▶ _Dataset excerpt_

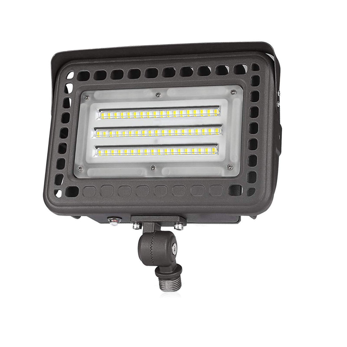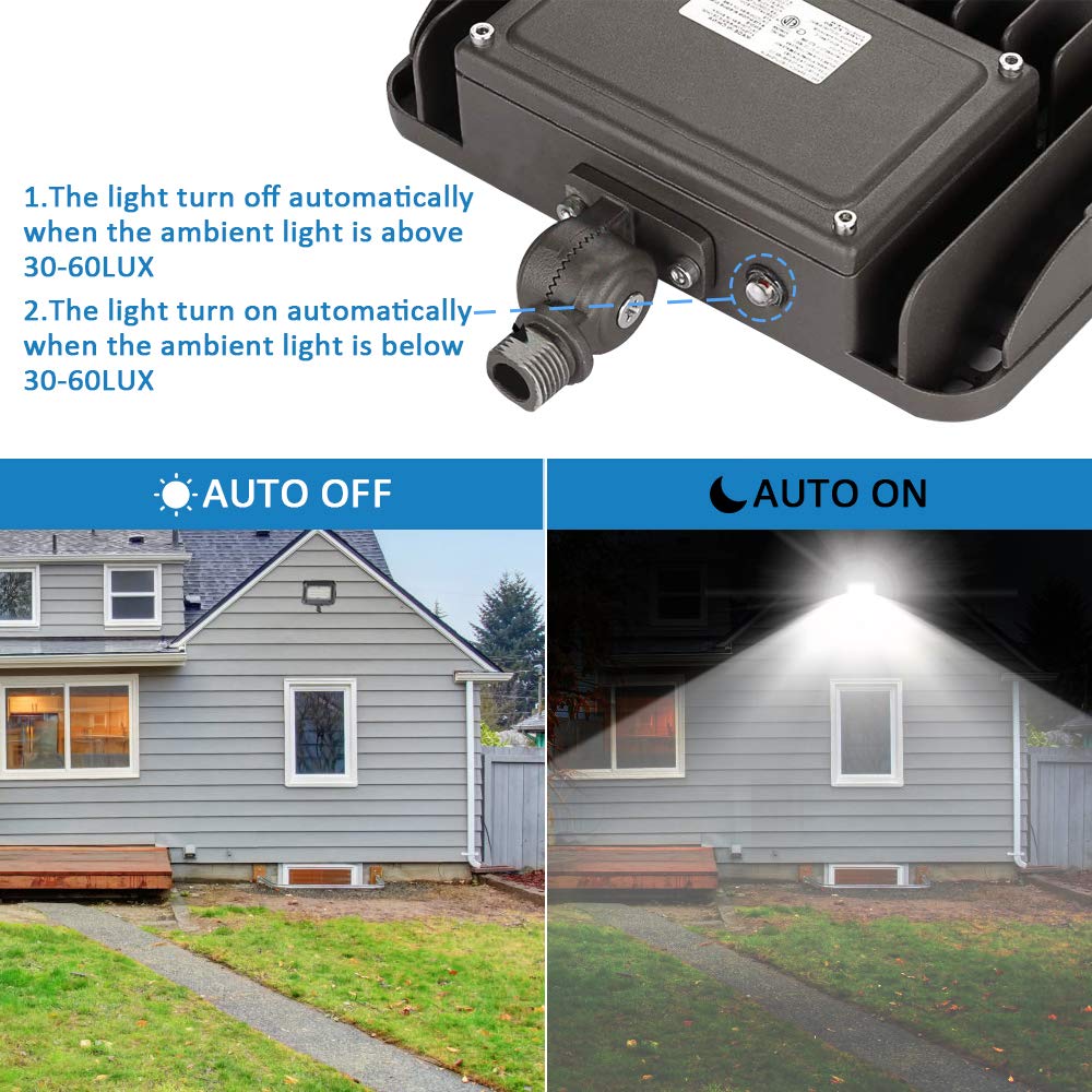 Q: How does the dusk-to-dawn feature work on this flood light?A: The built-in dusk-to-dawn photocell sensor automatically turns the flood light ON at night and OFF during the day, providing hassle-free operation and ensuring your outdoor spaces are well-lit when needed.
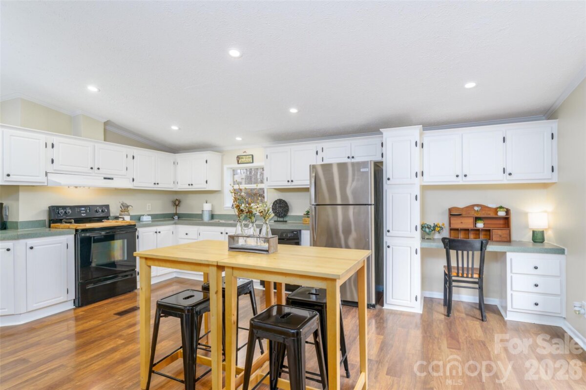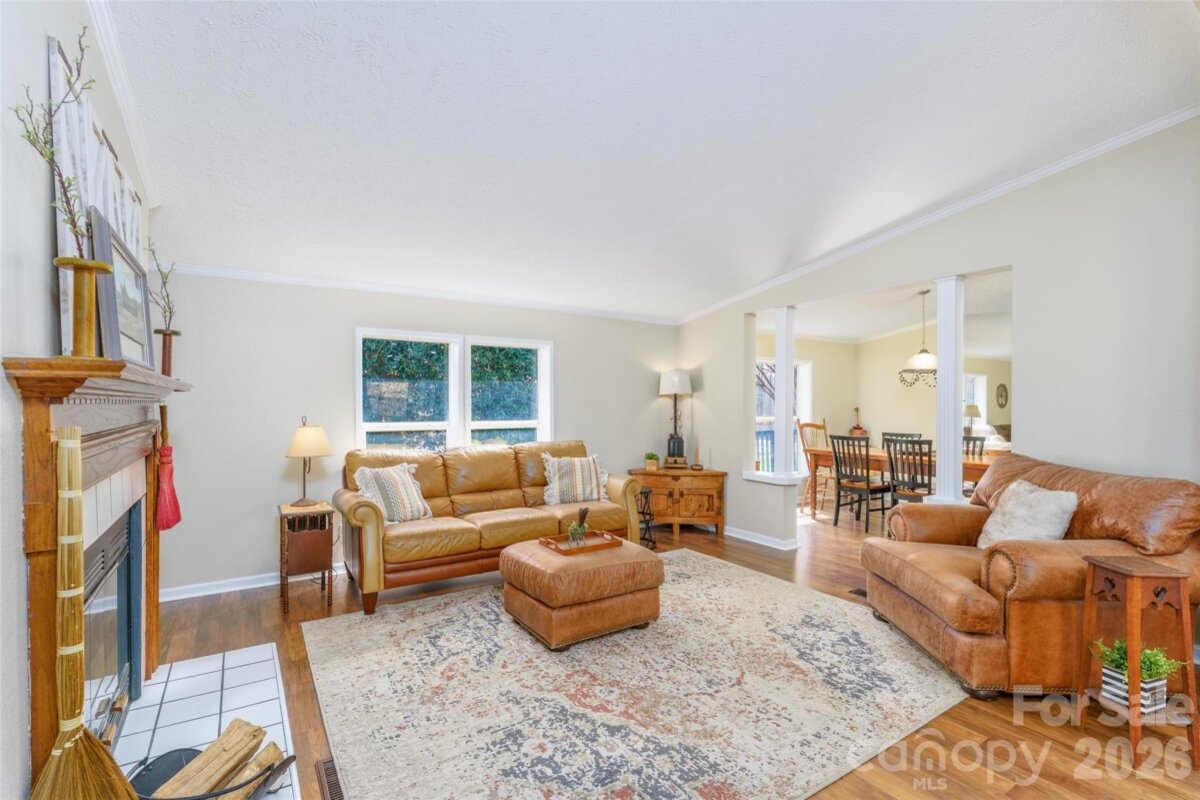This property is located in the tranquil Windward Pointe community, just minutes from I-77 and conveniently accessible to downtown Mooresville. Positioned on a 0.55-acre, partially wooded, flat lot, the residence features 1,836 square feet of thoughtfully designed living space. The kitchen is equipped with generous cabinet and countertop storage, new LED recessed lighting, updated appliances, and refrigerator is included. The family room offers a wood-burning fireplace with an elegant oak mantle, flanked by custom built-in shelving and cabinetry, opening to a spacious dining area. The mud room is furnished with a stackable front-load washer and dryer, utility sink, and provides direct access to the rear deck. The expansive primary suite includes new carpeting, dual walk-in closets, a walk-in shower, and a large soaking tub. There are two sizable secondary bedrooms. Entertaining is made easy with a newly stained, 274-square-foot L-shaped deck featuring a canopy. The rear yard boasts a freshly painted shed and ample space for gardening. The property is conveniently situated near grocery stores, Lowe’s Hardware, Lake Norman, three parks, hiking trails, Carrigan Farms, and more. Recent upgrades include a new architectural shingle roof (installed February 2026), new 6†gutters and downspouts (installed February 2026) and freshly painted kitchen and kitchen cabinets.
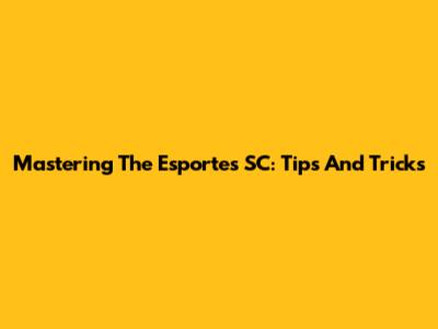 Mastering The Esportes SC: Tips And Tricks

▶ _Exercise brief_
Line by line, write out the material above exactly, with no images.

▶ _Worked solution_
 Q: How does the dusk-to-dawn feature work on this flood light?A: The built-in dusk-to-dawn photocell sensor automatically turns the flood light ON at night and OFF during the day, providing hassle-free operation and ensuring your outdoor spaces are well-lit when needed.
This property is located in the tranquil Windward Pointe community, just minutes from I-77 and conveniently accessible to downtown Mooresville. Positioned on a 0.55-acre, partially wooded, flat lot, the residence features 1,836 square feet of thoughtfully designed living space. The kitchen is equipped with generous cabinet and countertop storage, new LED recessed lighting, updated appliances, and refrigerator is included. The family room offers a wood-burning fireplace with an elegant oak mantle, flanked by custom built-in shelving and cabinetry, opening to a spacious dining area. The mud room is furnished with a stackable front-load washer and dryer, utility sink, and provides direct access to the rear deck. The expansive primary suite includes new carpeting, dual walk-in closets, a walk-in shower, and a large soaking tub. There are two sizable secondary bedrooms. Entertaining is made easy with a newly stained, 274-square-foot L-shaped deck featuring a canopy. The rear yard boasts a freshly painted shed and ample space for gardening. The property is conveniently situated near grocery stores, Lowe’s Hardware, Lake Norman, three parks, hiking trails, Carrigan Farms, and more. Recent upgrades include a new architectural shingle roof (installed February 2026), new 6†gutters and downspouts (installed February 2026) and freshly painted kitchen and kitchen cabinets.
 Mastering The Esportes SC: Tips And Tricks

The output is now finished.